-- What you will do --
Print the listing as it stands, omitting all images.

-- Input data --
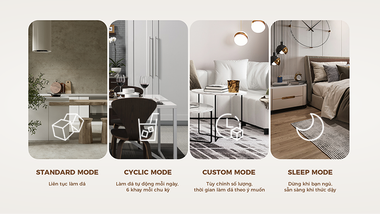 Tiết kiệm thời gian và công sức với chức năng làm đá tiện lợi và lưu trữ đá tự động. Hệ thống sẽ tự động làm đá khi bạn đổ nước vào bình chứa. Làm nhiều đá dễ dàng mà không cần nối đường cấp nước, không cần nhiều thao tác rắc rối. Khi bình chứa hết nước, bạn sẽ nhận được thông báo để có thể bổ sung nước kịp thời, không lo gián đoạn trải nghiệm. Đặc biệt, khay làm đá có thể tháo rời khi không sử dụng, tăng thêm không gian lưu trữ khi cần và dễ dàng làm sạch. Bên cạnh đó, người dùng có thể tùy chọn 4 chế độ qua điện thoại nhanh chóng.![]()
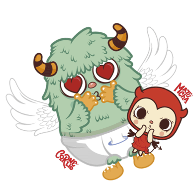 Matuchaycornelio characters share a loving kiss and heart eyes, celebrating 14 de Febrero, love, and friendship.
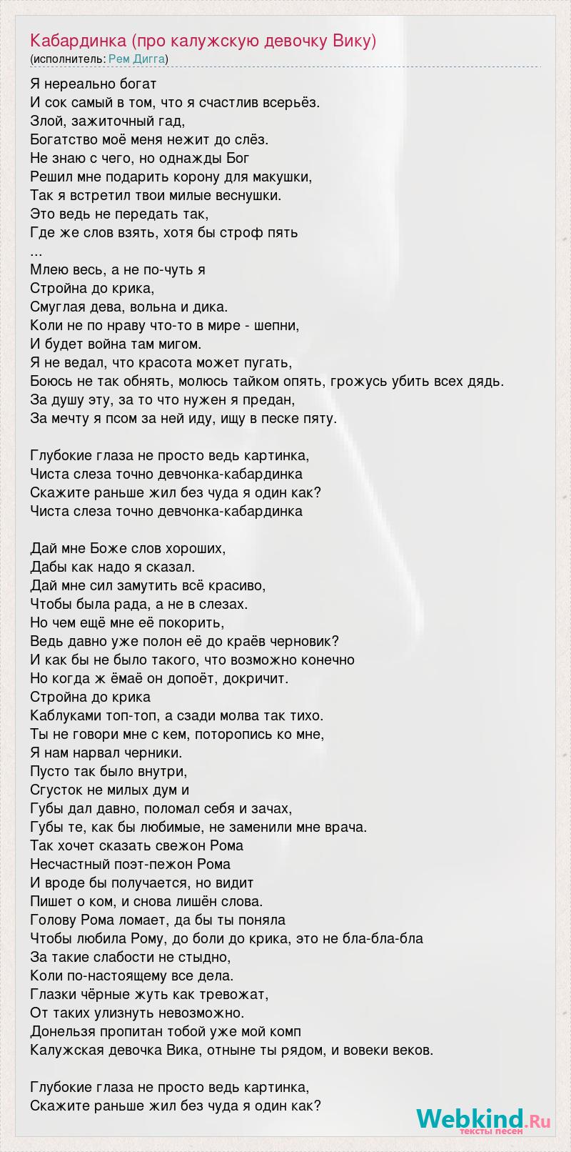 Я нереально богат И сок самый в том, что я счастлив всерьёз. Злой, зажиточный гад, Богатство моё меня нежит до слёз. Не знаю с чего, но однажды Бог Решил мне подарить корону для макушки, Так я встретил твои милые веснушки. Это ведь не передать так, Где же слов взять, хотя бы строф пять ... Млею весь, а не по-чуть я Стройна до крика, Смуглая дева, вольна и дика. Коли не по нраву что-то в мире - шепни, И будет война там мигом. Я не ведал, что красота может пугать, Боюсь не так обнять, молюсь тайком опять, грожусь убить всех дядь. За душу эту, за то что нужен я предан, За мечту я псом за ней иду, ищу в песке пяту. Глубокие глаза не просто ведь картинка, Чиста слеза точно девчонка-кабардинка Скажите раньше жил без чуда я один как? Чиста слеза точно девчонка-кабардинка Дай мне Боже слов хороших, Дабы как надо я сказал. Дай мне сил замутить всё красиво, Чтобы была рада, а не в слезах. Но чем ещё мне её покорить, Ведь давно уже полон её до краёв черновик? И как бы не было такого, что возможно конечно Но когда ж ёмаё он допоёт, докричит. Стройна до крика Каблуками топ-топ, а сзади молва так тихо. Ты не говори мне с кем, поторопись ко мне, Я нам нарвал черники. Пусто так было внутри, Сгусток не милых дум и Губы дал давно, поломал себя и зачах, Губы те, как бы любимые, не заменили мне врача. Так хочет сказать свежон Рома Несчастный поэт-пежон Рома И вроде бы получается, но видит Пишет о ком, и снова лишён слова. Голову Рома ломает, да бы ты поняла Чтобы любила Рому, до боли до крика, это не бла-бла-бла За такие слабости не стыдно, Коли по-настоящему все дела. Глазки чёрные жуть как тревожат, От таких улизнуть невозможно. Донельзя пропитан тобой уже мой комп Калужская девочка Вика, отныне ты рядом, и вовеки веков. Глубокие глаза не просто ведь картинка, Скажите раньше жил без чуда я один как?

-- Solution --
 Tiết kiệm thời gian và công sức với chức năng làm đá tiện lợi và lưu trữ đá tự động. Hệ thống sẽ tự động làm đá khi bạn đổ nước vào bình chứa. Làm nhiều đá dễ dàng mà không cần nối đường cấp nước, không cần nhiều thao tác rắc rối. Khi bình chứa hết nước, bạn sẽ nhận được thông báo để có thể bổ sung nước kịp thời, không lo gián đoạn trải nghiệm. Đặc biệt, khay làm đá có thể tháo rời khi không sử dụng, tăng thêm không gian lưu trữ khi cần và dễ dàng làm sạch. Bên cạnh đó, người dùng có thể tùy chọn 4 chế độ qua điện thoại nhanh chóng.![]()
 Matuchaycornelio characters share a loving kiss and heart eyes, celebrating 14 de Febrero, love, and friendship.
 Я нереально богат И сок самый в том, что я счастлив всерьёз. Злой, зажиточный гад, Богатство моё меня нежит до слёз. Не знаю с чего, но однажды Бог Решил мне подарить корону для макушки, Так я встретил твои милые веснушки. Это ведь не передать так, Где же слов взять, хотя бы строф пять ... Млею весь, а не по-чуть я Стройна до крика, Смуглая дева, вольна и дика. Коли не по нраву что-то в мире - шепни, И будет война там мигом. Я не ведал, что красота может пугать, Боюсь не так обнять, молюсь тайком опять, грожусь убить всех дядь. За душу эту, за то что нужен я предан, За мечту я псом за ней иду, ищу в песке пяту. Глубокие глаза не просто ведь картинка, Чиста слеза точно девчонка-кабардинка Скажите раньше жил без чуда я один как? Чиста слеза точно девчонка-кабардинка Дай мне Боже слов хороших, Дабы как надо я сказал. Дай мне сил замутить всё красиво, Чтобы была рада, а не в слезах. Но чем ещё мне её покорить, Ведь давно уже полон её до краёв черновик? И как бы не было такого, что возможно конечно Но когда ж ёмаё он допоёт, докричит. Стройна до крика Каблуками топ-топ, а сзади молва так тихо. Ты не говори мне с кем, поторопись ко мне, Я нам нарвал черники. Пусто так было внутри, Сгусток не милых дум и Губы дал давно, поломал себя и зачах, Губы те, как бы любимые, не заменили мне врача. Так хочет сказать свежон Рома Несчастный поэт-пежон Рома И вроде бы получается, но видит Пишет о ком, и снова лишён слова. Голову Рома ломает, да бы ты поняла Чтобы любила Рому, до боли до крика, это не бла-бла-бла За такие слабости не стыдно, Коли по-настоящему все дела. Глазки чёрные жуть как тревожат, От таких улизнуть невозможно. Донельзя пропитан тобой уже мой комп Калужская девочка Вика, отныне ты рядом, и вовеки веков. Глубокие глаза не просто ведь картинка, Скажите раньше жил без чуда я один как?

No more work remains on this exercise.